Zimbabwean culture highly values respect, hierarchy and family honour. While these principles can be strengths, they may also complicate co-parenting. Pride often hinders honest communication, and in-laws can interfere aggressively.
Conflicts that should stay between adults sometimes spill into children’s lives. Frequently, co-parenting shifts from a focus on the child’s well-being to unresolved battles over control, validation or revenge.
The harm caused is rarely loud but silent, manifesting as anxious children, declining school performance, emotional withdrawal or quiet rebellion.
Is co-parenting better than staying together? This question divides society. The truth is uncomfortable: co-parenting is better than a violent or deeply toxic household, but it is not automatically better than a stable marriage strained by hardship. What matters is not the structure, but the emotional environment.
Children do not need perfect parents. They need emotionally safe ones. A hostile co-parenting arrangement can be just as damaging as a conflicted marriage, if not more so, because it stretches instability across multiple spaces.
The rise of co-parenting forces Zimbabwean society to confront difficult truths. We have changed our laws and social norms more quickly than our emotional skills. We promote shared parenting without offering guidance in conflict resolution. We normalise separation without prioritising healing.

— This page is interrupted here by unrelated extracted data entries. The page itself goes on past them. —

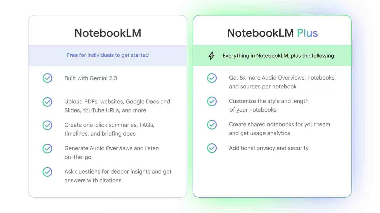 Các tính năng Plus mới của NotebookLM. Nguồn: Alphabet
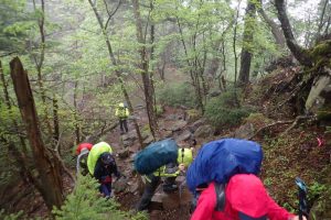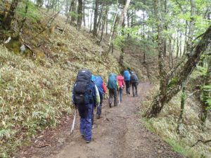 今日はテントを背負って縦走する体験です。
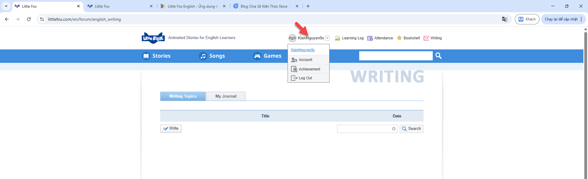 Little Fox không chỉ hỗ trợ học tiếng Anh mà còn đa dạng các ngôn ngữ khác như tiếng Trung. Mọi tài khoản đều ghi lại nhật ký sử dụng và tiến trình học, giúp bạn dễ dàng theo dõi sự phát triển của trẻ. Nếu bạn đang có ai đó muốn chia sẻ tài khoản hoặc tìm bạn học chung, hãy kết nối cùng nhau để tiết kiệm chi phí nhé!
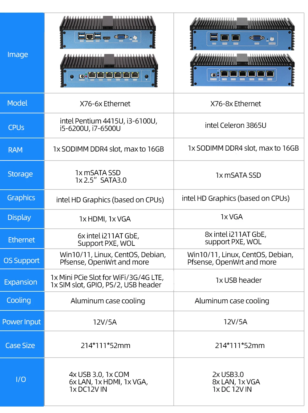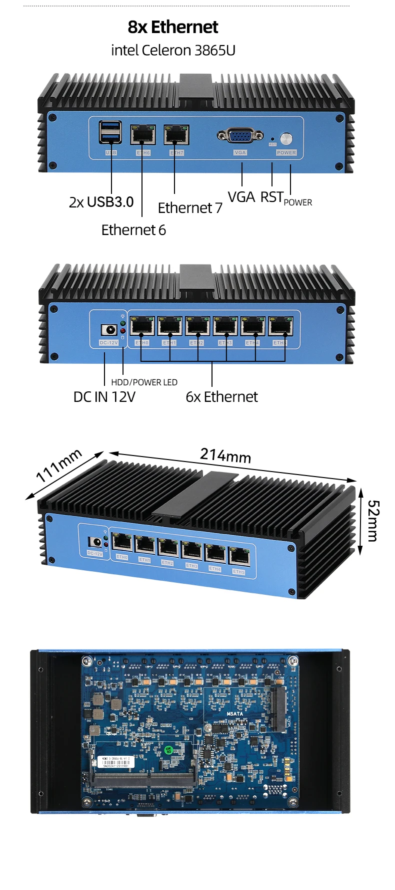 Comprar XCY Firewall Mini PC 8x Ethernet i211AT NIC intel Celeron 3865U CPU Compatible con Windows Ubuntu Pfsense Debian OpenWrt

Co-parenting can work, but only when adults put children above pride, resentment and cultural pressure. It requires boundaries, communication, consistency and emotional responsibility.
Without these, co-parenting becomes another form of instability dressed as progress. There is a need for maturity, not moral panic.
Co-parenting is not the enemy. Nor is it a miracle solution. It is a mirror reflecting who we are as a society, economically strained, culturally transitioning and emotionally underprepared.
If Zimbabwe is to protect its children, the conversation must shift from blame to responsibility.
We must invest not only in laws and rights, but in emotional literacy, counselling and honest community dialogue. Our children deserve more than parents who merely show up. They deserve parents who grow up.